Related
It is related to this question and this other one, although to a larger scale.
I have two data.tables:
The first one with market research data, containing answers stored as integers;
The second one being what can be called a dictionary, with category labels associated to the integers mentioned above.
See reproducible example :
EDIT: Addition of a new variable to include the '0' case.
EDIT 2: Modification of 'age_group' variable to include cases where all unique levels of a factor do not appear in data.
library(data.table)
library(magrittr)
# Table with survey data :
# - each observation contains the answers of a person
# - variables describe the sample population characteristics (gender, age...)
# - numeric variables (like age) are also stored as character vectors
repex_DT <- data.table (
country = as.character(c(1,3,4,2,NA,1,2,2,2,4,NA,2,1,1,3,4,4,4,NA,1)),
gender = as.character(c(NA,2,2,NA,1,1,1,2,2,1,NA,2,1,1,1,2,2,1,2,NA)),
age = as.character(c(18,40,50,NA,NA,22,30,52,64,24,NA,38,16,20,30,40,41,33,59,NA)),
age_group = as.character(c(2,2,2,NA,NA,2,2,2,2,2,NA,2,2,2,2,2,2,2,2,NA)),
status = as.character(c(1,NA,2,9,2,1,9,2,2,1,9,2,1,1,NA,2,2,1,2,9)),
children = as.character(c(0,2,3,1,6,1,4,2,4,NA,NA,2,1,1,NA,NA,3,5,2,1))
)
# Table of the labels associated to categorical variables, plus 'label_id' to match the values
labels_DT <- data.table (
label_id = as.character(c(1:9)),
country = as.character(c("COUNTRY 1","COUNTRY 2","COUNTRY 3","COUNTRY 4",NA,NA,NA,NA,NA)),
gender = as.character(c("Male","Female",NA,NA,NA,NA,NA,NA,NA)),
age_group = as.character(c("Less than 35","35 and more",NA,NA,NA,NA,NA,NA,NA)),
status = as.character(c("Employed","Unemployed",NA,NA,NA,NA,NA,NA,"Do not want to say")),
children = as.character(c("0","1","2","3","4","5 and more",NA,NA,NA))
)
# Identification of the variable nature (numeric or character)
var_type <- c("character","character","numeric","character","character","character")
# Identification of the categorical variable names
categorical_var <- names(repex_DT)[which(var_type == "character")]
You can see that the dictionary table is smaller to the survey data table, this is expected.
Also, despite all variables being stored as character, some are true numeric variables like age, and consequently do not appear in the dictionary table.
My objective is to replace the values of all variables of the first data.table with a matching name in the dictionary table by its corresponding label.
I have actually achieved it using a loop, like the one below:
result_DT1 <- copy(repex_DT)
for (x in categorical_var){
if(length(which(repex_DT[[x]]=="0"))==0){
values_vector <- labels_DT$label_id
labels_vector <- labels_DT[[x]]
}else{
values_vector <- c("0",labels_DT$label_id)
labels_vector <- c(labels_DT[[x]][1:(length(labels_DT[[x]])-1)], NA, labels_DT[[x]][length(labels_DT[[x]])])}
result_DT1[, (c(x)) := plyr::mapvalues(x=get(x), from=values_vector, to=labels_vector, warn_missing = F)]
}
What I want is a faster method (the fastest if one exists), since I have thousands of variables to qualify for dozens of thousands of records.
Any performance improvements would be more than welcome.

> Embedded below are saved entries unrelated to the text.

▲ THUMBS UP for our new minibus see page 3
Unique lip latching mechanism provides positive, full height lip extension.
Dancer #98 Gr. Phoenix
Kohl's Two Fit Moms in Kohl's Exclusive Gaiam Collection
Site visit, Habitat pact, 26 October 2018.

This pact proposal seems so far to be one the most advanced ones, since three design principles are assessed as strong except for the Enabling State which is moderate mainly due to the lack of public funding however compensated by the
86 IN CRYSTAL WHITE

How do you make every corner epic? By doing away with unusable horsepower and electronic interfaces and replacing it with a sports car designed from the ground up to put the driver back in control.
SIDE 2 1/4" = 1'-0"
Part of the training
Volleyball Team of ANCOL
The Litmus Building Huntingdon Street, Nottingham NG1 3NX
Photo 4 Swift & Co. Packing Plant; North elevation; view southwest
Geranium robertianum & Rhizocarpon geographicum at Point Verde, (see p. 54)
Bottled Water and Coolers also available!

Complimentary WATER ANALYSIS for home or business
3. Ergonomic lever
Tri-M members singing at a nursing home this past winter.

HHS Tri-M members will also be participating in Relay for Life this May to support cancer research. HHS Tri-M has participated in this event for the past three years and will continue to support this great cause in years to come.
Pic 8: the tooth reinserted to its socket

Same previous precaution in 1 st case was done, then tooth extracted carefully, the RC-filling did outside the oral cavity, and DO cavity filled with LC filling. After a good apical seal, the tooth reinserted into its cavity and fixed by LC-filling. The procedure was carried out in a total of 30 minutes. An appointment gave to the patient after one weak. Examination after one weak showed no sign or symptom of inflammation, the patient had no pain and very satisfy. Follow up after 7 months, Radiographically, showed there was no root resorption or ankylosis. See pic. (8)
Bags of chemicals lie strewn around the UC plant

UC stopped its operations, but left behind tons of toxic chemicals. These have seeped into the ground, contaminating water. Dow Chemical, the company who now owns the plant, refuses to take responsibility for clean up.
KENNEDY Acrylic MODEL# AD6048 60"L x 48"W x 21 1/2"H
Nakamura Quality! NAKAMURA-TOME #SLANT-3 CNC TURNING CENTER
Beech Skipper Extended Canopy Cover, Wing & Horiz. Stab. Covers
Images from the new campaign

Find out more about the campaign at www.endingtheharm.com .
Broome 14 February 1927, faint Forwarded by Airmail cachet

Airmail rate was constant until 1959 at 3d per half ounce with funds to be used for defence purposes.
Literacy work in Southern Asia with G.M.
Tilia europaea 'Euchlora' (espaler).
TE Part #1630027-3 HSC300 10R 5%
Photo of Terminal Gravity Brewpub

I battled with stringi but could not have the function running without errors unless using hard-coded variable names. See example:
test_stringi <- copy(repex_DT) %>%
.[, (c("country")) := lapply(.SD, function(x) stringi::stri_replace_all_fixed(
str=x, pattern=unique(labels_DT$label_id)[!is.na(labels_DT[["country"]])],
replacement=unique(na.omit(labels_DT[["country"]])), vectorize_all=FALSE)),
.SDcols = c("country")]
Columns of your 2nd data.table are just look up vectors:
same_cols <- intersect(names(repex_DT), names(labels_DT))
repex_DT[
,
(same_cols) := mapply(
function(x, y) y[as.integer(x)],
repex_DT[, same_cols, with = FALSE],
labels_DT[, same_cols, with = FALSE],
SIMPLIFY = FALSE
)
]
edit
you can add NA on first position in columns of labels_DT (similar like you did for other missing values) or better yet you can keep labels in list:
labels_list <- list(
country = c("COUNTRY 1","COUNTRY 2","COUNTRY 3","COUNTRY 4"),
gender = c("Male","Female"),
age_group = c("Less than 35","35 and more"),
status = c("Employed","Unemployed","Do not want to say"),
children = c("0","1","2","3","4","5 and more")
)
same_cols <- names(labels_list)
repex_DT[
,
(same_cols) := mapply(
function(x, y) y[factor(as.integer(x))],
repex_DT[, same_cols, with = FALSE],
labels_list,
SIMPLIFY = FALSE
)
]
Notice that this way it is necessary to convert to factor first because values in repex_DT can be are not sequance 1, 2, 3...
a very computationally effective way would be to melt your tables first, match them and cast again:
repex_DT[, idx:= .I] # Create an index used for melting
# Melt
repex_melt <- melt(repex_DT, id.vars = "idx")
labels_melt <- melt(labels_DT, id.vars = "label_id")
# Match variables and value/label_id
repex_melt[labels_melt, value2:= i.value, on= c("variable", "value==label_id")]
# Put the data back into its original shape
result <- dcast(repex_melt, idx~variable, value.var = "value2")
I finally found time to work on an answer to this matter.
I changed my approach and used fastmatch::fmatch to identify labels to update.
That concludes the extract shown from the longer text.